Notes
Some notes and remarks on several aspects of bp_text.
Working with BibTeX files
For managing BibTeX databases (.bib files), using BibDesk <http://bibdesk.sourceforge.io> (on a Mac) is an easy way to organize the text library. However, there are a few things to consider, especially when it comes to non-standard BibTeX fields.
The crucial part with BibDesk as well as with other citation/library managers is in the case of bp_text the way how files (resp. paths to them) are stored. BibDesk by default uses a rather complex way to store files attached via the regular BibDesk attachments in the BibTeX library. It does so by including serialized symlinks to bdsk-file-n fields. bp_text does not handle these, but expects files to be stored as (absolute or relative) paths to e.g. PDFs or TXTs in a file field. Although singular, there could be more files included when separating the filenames with a semicolon. Yet whether this makes sense depends on the way the relation between BibTeX entries and the respective files is conceived.
Keywords can also be included. They should be placed in a keywords field which should be provided by BibDesk by default and should also be the standard field when exporting a library from Zotero e.g. via BetterBibTeX.
Citation keys should, of course, be unique.
The primary language of a document is expected to be stored in the langid field. This is a BibLaTeX field and expects languages to be identified by an idiosyncratic id which is not the same as standard ISO-639-1 language codes. The langid for German, for example, is ngerman (i.e. new German spelling). See Table 2: Supported Languages in the BibLaTeX documentation (https://ctan.org/pkg/biblatex). Although it is allowed to omit specifying a primary language, it is highly recommended as e.g. the PdfFile class will use the language when performing OCR.
Some notes on BibDesk
Some BibTeX fields used bp_text are not available in BibDesk by default. Thus, it is recommended to add these to the Default Fields via BibDesk Preferences -> Fields -> Custom BibTeX Fields. These are some fields which should be added. Make sure to tick the “Is Default” checkbox.
Field |
Type |
Is Default |
|---|---|---|
Keywords |
Textual |
Y |
File |
Textual |
Y |
Langid |
Textual |
Y |
Zotero and BibDesk
It is quite simple to copy Zotero (https://www.zotero.org) bibliography data to BibDesk.
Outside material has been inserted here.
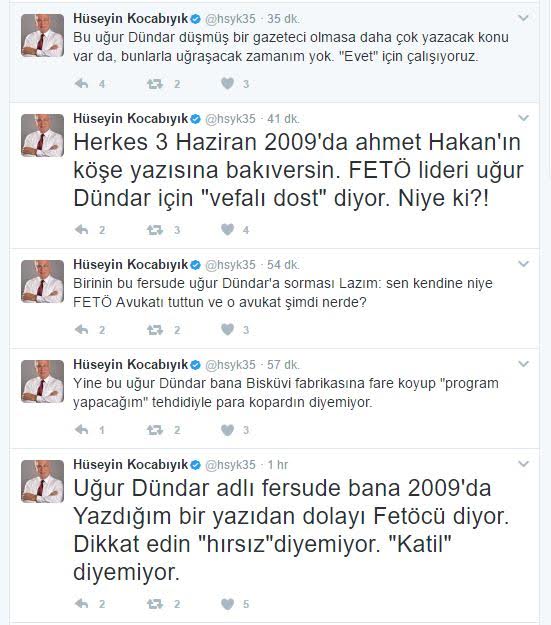 AK Parti İzmir Milletvekili Hüseyin Kocabıyık ile davalık olan ve açtığı tazminat davasını kazanan Uğur Dündar’ın bugün köşesine taşıdığı ‘keser döner, sap döner’ başlıklı yazısında yaptığı alıntılar adeta fırtına kopardı.
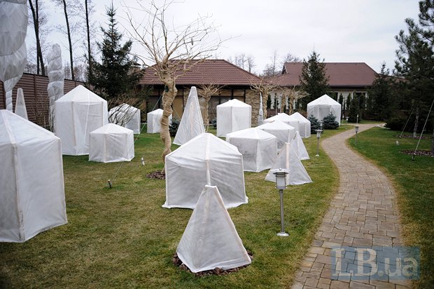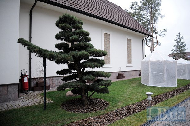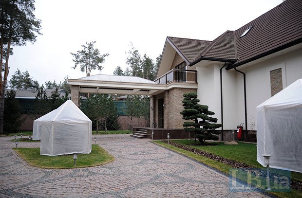 Журналистов пустили на территорию дома экс-министра внутренних дел Виталия Захарченко. Дом расположен в селе Подгорцы приблизительно в 27 километрах от Киева. На территории, кроме основного дома, расположены гараж, дом для охраны, теннисный корт. Также недалеко от имения находится вертолетная площадка и ангар для вертолетов. Территория имения ухоженная, возле домов много деревьев, есть даже небольшое искусственное озеро. Внутрь дома журналистам попасть не удалось.

In order to export Zotero data to Bib(La)TeX, first install the Better BibTeX (https://retorque.re/zotero-better-bibtex/) extension in Zotero. Then, for example, select a few entries in your Zotero database and select “copy BibLaTeX to clipboard” in the “Better BibTeX” context menu (via right-click). Then, you can simply paste your clipboard to your BibDesk library.
Better BibTeX automatically includes the paths to the PDFs attached to a Zotero item in the file field. Multiple files are separated by a semicolon. As this is also the standard way bp_text handles files, nothing more needs to be done. If you want to share your BibDesk database you might want to copy the attachments from the Zotero storage location to a directory relative to the path of the BibDesk (.bib) file. Then you need to adjust the file field in the respective entries accordingly. A relative path is completely sufficient here as bp_text searches for files relative to the database file when no absolute path is given (e.g. when calling BibtexDatabase.make_pool()).
Languages
Tokenization and tagging in this library is based on the spaCy
<https://spacy.io> library. bp_text tries to automatically determine the
language of a text and apply the proper model to it. For more information see
the documentation for Text.